There is a marked difference with the Botha recital. The South-African tenor is not a Heldentenor but a big lirico; maybe a shade too light for Die Walküre (though Georges Thill is one of the best and most musical Siegmunds on record). I fear the recording doesn’t help either. I’ve heard Botha in the flesh and he sings broader and more voluminous in reality than in this piece where the voice sounds a bit too slender, without heft. In all the other arias and duets he is splendid, using his means for the best. He has made formidable progress since his first recordings 10 years ago. His Wagner singing is much helped by the many hours of work he put into his Italian roles.
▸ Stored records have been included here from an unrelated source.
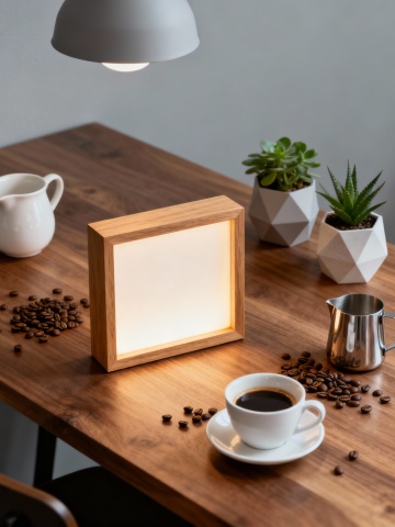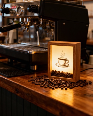 产品添加到场景里,保持商品细节不变,需要有手磨咖啡元素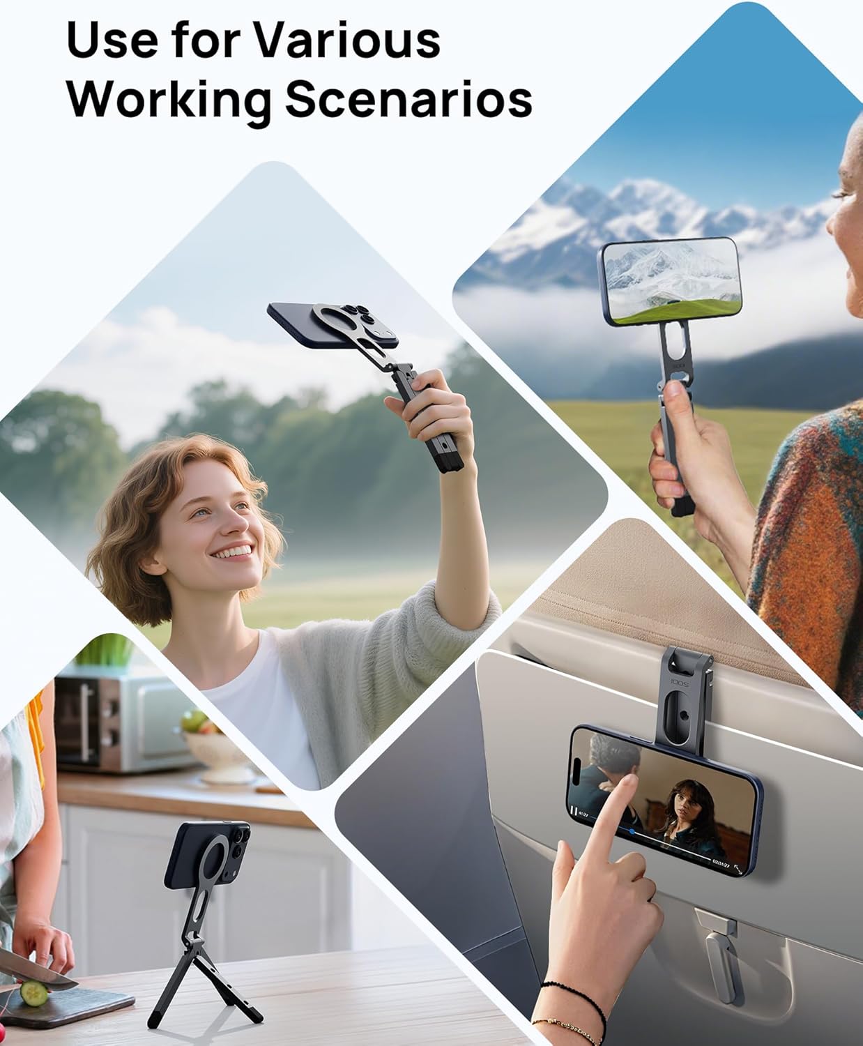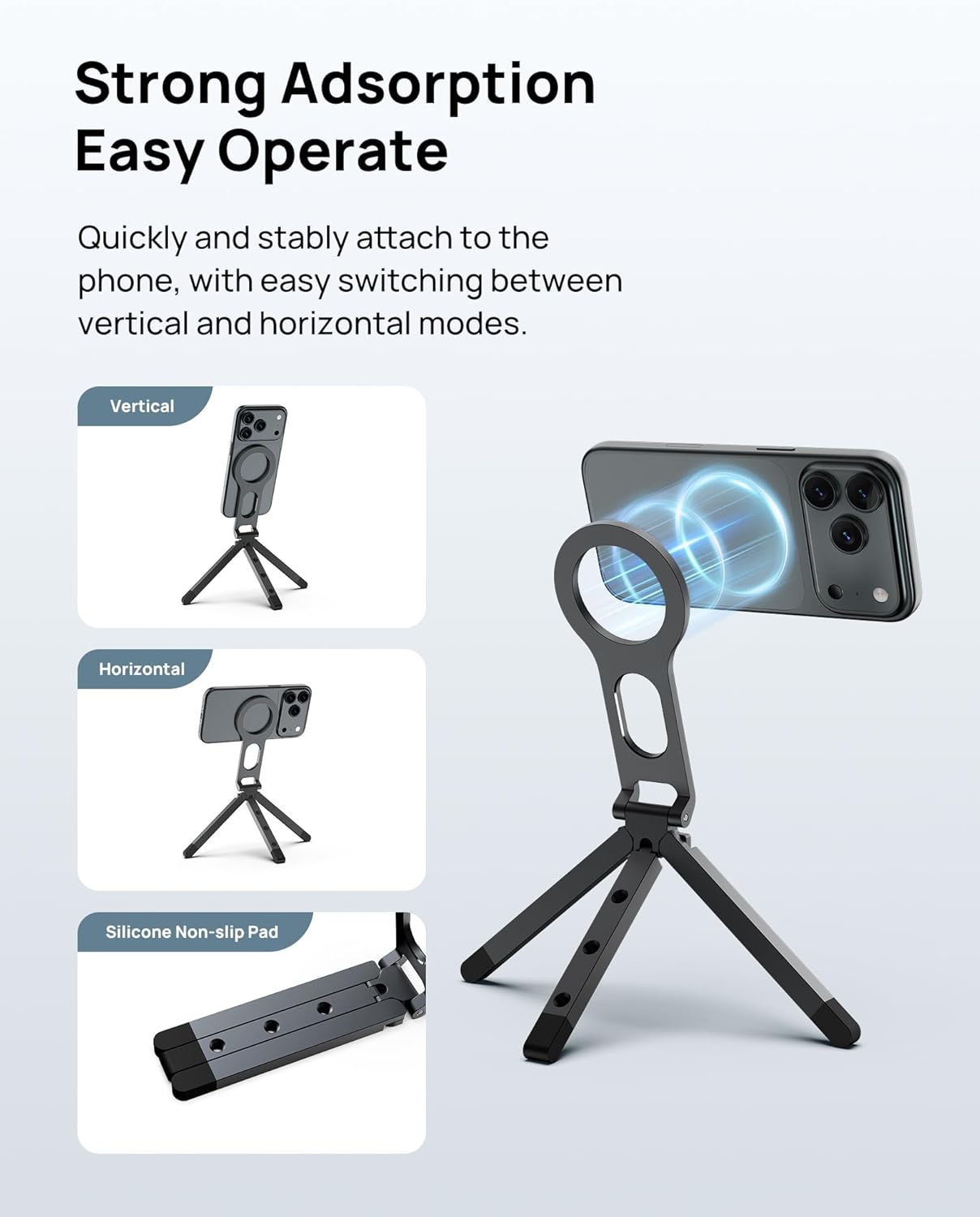 【3-in-1 Versatile Functionality】 Transform this mag safe tripod into a handheld grip, mini iphone tripod stand, or desktop cell phone stand in seconds. Whether you’re streaming, vlogging, or taking selfies, the multi-functional design adapts instantly. The adjustable hinge provides flexible angles, making it an ideal phone stand for recording, video calls, or live streaming anywhere.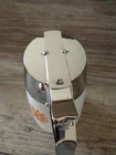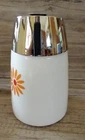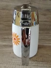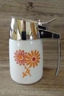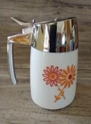 Vintage Mid Century milk glass kitchen Dripcut Server of Santa Barbara, California, in fabulous condition. Model 900, designed by Henry Keck. Holds 11 fluid ounces. Designed for syrup but works well for honey or sugar. Milk glass base jar with orange and red mid-century design Daisies and metal top. Some of these retro dispensers have plastic tops, this is not the case. This lid is metal and substantial and the chrome shiny finish is in wonderful condition with little sign of use. Glass base is in great condition also with no chips cracks or staining. Brighten up the kitchen table with this great syrup bottle. Please see all pictures as they are part of the description. Feel free to ask questions prior to bidding. I strive for five star service. My job is not done until I know you have received your item and are pleased with it by leaving positive feedback, then I will do the same. If for some reason you do not feel you can leave five stars in all categories please contact me prior to leaving feedback so we may come to a resolution where everyone is happy. A note about shipping - yes shipping has gotten expensive. I do my best to make sure the package is as small and light as possible, but will still get to you safely. I do not charge a handling fee nor do I charge for my packing materials. I measure and weigh the item before my item is listed so that your shipping quote is correct. If you would like to bid on something, but feel the shipping is too high, please contact me. Perhaps there is another way I can ship it. Please do not buy the item and then not leave five Stars based on the shipping cost, it really is beyond my control. Less than five stars in a category hurts a seller's rating. Thanks for bidding! F.nn
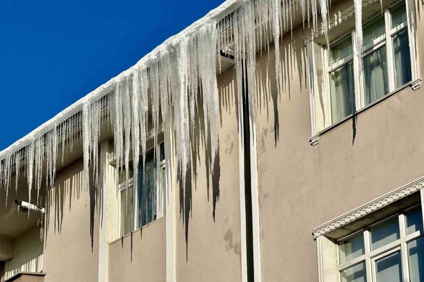 Bina çatılarındaki dev buz sarkıtları tehlike saçıyor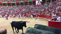La entrada de los Miura a la plaza de toros en el último encierro de Sanfermin 2019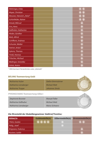 Die Ehrentafel der Medaillengewinner Südtirol/Trentino: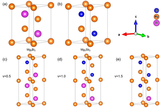 The atomistic structures of the Mg3Bi2−vSbv: the 5-atom unit cell of (a) Mg3Bi2 and (b) Mg3Sb2, and (c–e) the 10-atom cells of Mg3Bi2−vSbv with v in 0.5, 1.0, and 1.5, respectively.
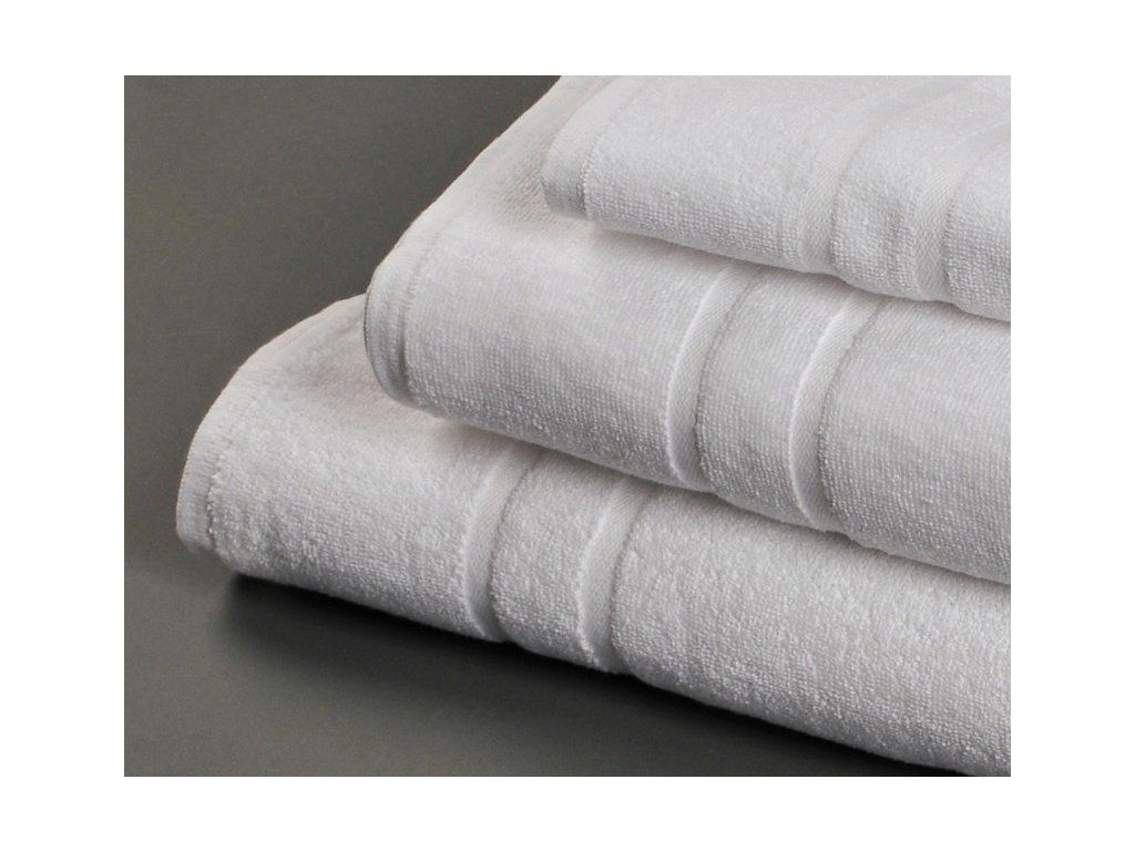 Hotelová osuška 2S z vysokokvalitnej froté tkaniny (silná kratšia dvojitá slučka, dvojité prešitie, schopnosť zvládnuť niekoľko stoviek pracích cyklov),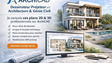 🏗️ Expert en Plans 2D/3D sur ArchiCAD | Projets Modernes & Professionnels 📐 Spécialiste ArchiCAD | Conception Architecturale & Modélisation BIM 🏢 Je Réalise Vos Plans Architecturaux Détaillés sur ArchiCAD 🔥 Dessinateur Pro ArchiCAD | Plans, Coupes & Façades de Qualité 💎 Conception & Modélisation ArchiCAD | Rendu Clair & Précis 🚀 Plans Architecturaux sur ArchiCAD – Rapide, Conforme & Fiable 🎯 Expert ArchiCAD | Villas, Immeubles & Bâtiments Professionnels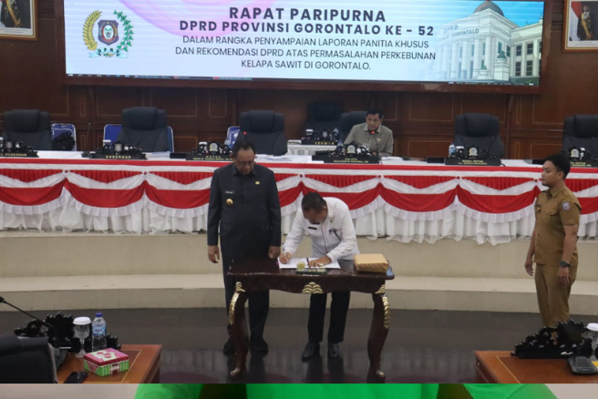 GORONTALO, BICARAA.COM – Panitia Khusus (Pansus) Tata Kelola Sawit DPRD Provinsi Gorontalo menuntaskan masa kerjanya dan resmi menyerahkan laporan hasil penyelidikan dalam rapat paripurna, Senin (6/10/2025).

I heard him sing an exquisite messa di voce in Celeste Aida (he had worked on it for years, he told me) and this pays off. Take his Am stillen Herd: very sensitive singing and no barking. Both the Meistersinger Prize Song and the Lohengrin narrative start with a soft lovely tone spinning out the music in a very poetic manner. The way he caresses “eine Taube” equals Konya’s classic recording. Botha even adds the coda to the aria, cut by Wagner though reinstated on the Konya-Amara-recording. Here too it only proves that Wagner knew this was worthless and I’d much have preferred Botha recording “Ein Schwert verhiess mir der Vater”. So what is the catch? Well there is one and it’s something Botha cannot do much about. The basic material of the voice is not very rich, not very distinguished, not very personal. In the house this may pass but on record one is too much aware of his lack of outstanding God-given means. Nevertheless I and a lot of other people would be mighty happy to have him in a house-performance of one of the more lyrical Wagner parts as he has so improved musically. Compared with his Italian recital of four years ago (on Arte Nova, which he financed half himself he said) he has once more markedly refined his art and there are few tenors who can boast about such a feat once they have scored their first big successes. Botha is ably partnered by his sopranos and the orchestra, though I don’t like Simone Young sometimes stopping for a second to make a musical point.